(Data items)
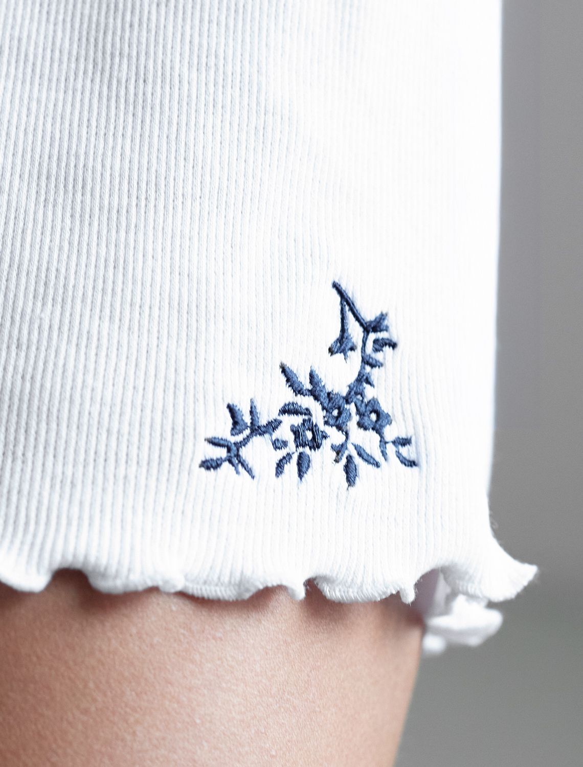 Короткие шорты на резинке с вышивкой из фактурного трикотажа в мелкий рубчик D48.011 белый_цветы
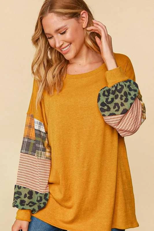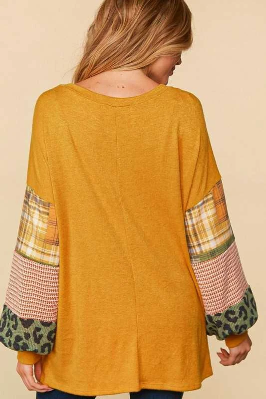 12 CP {Secret Love} Mustard Top W/Multi-Print Sleeves PLUS SIZE XL 2X 3X
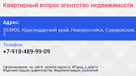 Квартирный вопрос, агентство недвижимости по адресу 353905, Краснодарский край, Новороссийск, Суворовская, 1 в дальнейшем Организация, размещена в следующих категориях:
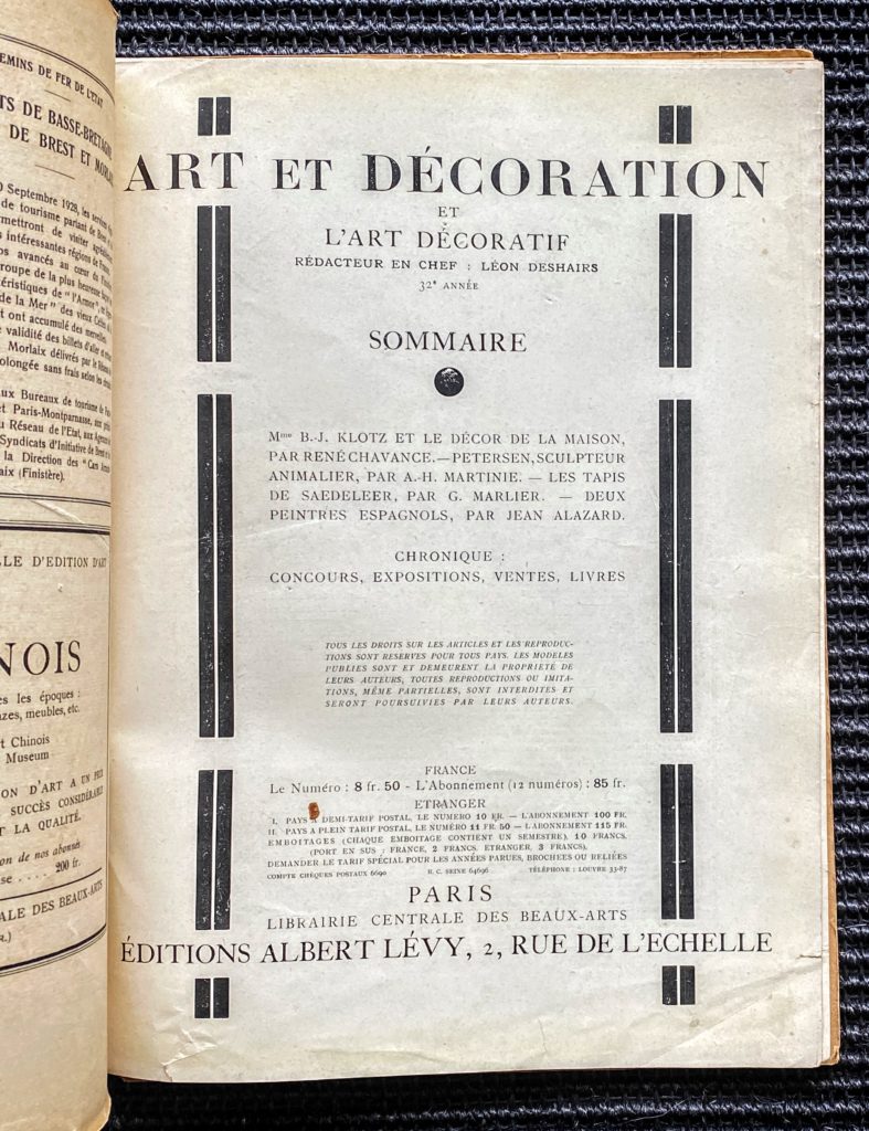 Egalement dans ce numéro : un article sur l’architecte-décoratrice Blanche -Jeanne Klotz ( 12 pages, 12 illustrations ) et un article sur le sculpteur animalier Armand Petersen ( 4 pages, 5 illustrations ).
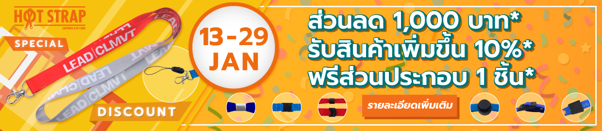- โปรโมชั่นที่ 2 แถมสายคล้องบัตรเพิ่มให้ฟรีอีก 10% ไม่มีขั้นต่ำ สูงสุด 1,000 เส้น
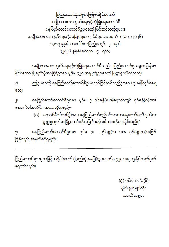 နေပြည်တော်ကောင်စီဥပဒေကို ပြင်ဆင်သည့်ဥပဒေ အမျိုးသားကာကွယ်ရေးနှင့်လုံခြုံရေးကောင်စီဥပဒေအမှတ် ( ၁၀ /၂၀၂၆)

=== Task instructions ===
Every line of the data above should be quoted exactly. Omit the pictures.

=== Response area ===
 Короткие шорты на резинке с вышивкой из фактурного трикотажа в мелкий рубчик D48.011 белый_цветы
 12 CP {Secret Love} Mustard Top W/Multi-Print Sleeves PLUS SIZE XL 2X 3X
 Квартирный вопрос, агентство недвижимости по адресу 353905, Краснодарский край, Новороссийск, Суворовская, 1 в дальнейшем Организация, размещена в следующих категориях:
 Egalement dans ce numéro : un article sur l’architecte-décoratrice Blanche -Jeanne Klotz ( 12 pages, 12 illustrations ) et un article sur le sculpteur animalier Armand Petersen ( 4 pages, 5 illustrations ).
- โปรโมชั่นที่ 2 แถมสายคล้องบัตรเพิ่มให้ฟรีอีก 10% ไม่มีขั้นต่ำ สูงสุด 1,000 เส้น
 နေပြည်တော်ကောင်စီဥပဒေကို ပြင်ဆင်သည့်ဥပဒေ အမျိုးသားကာကွယ်ရေးနှင့်လုံခြုံရေးကောင်စီဥပဒေအမှတ် ( ၁၀ /၂၀၂၆)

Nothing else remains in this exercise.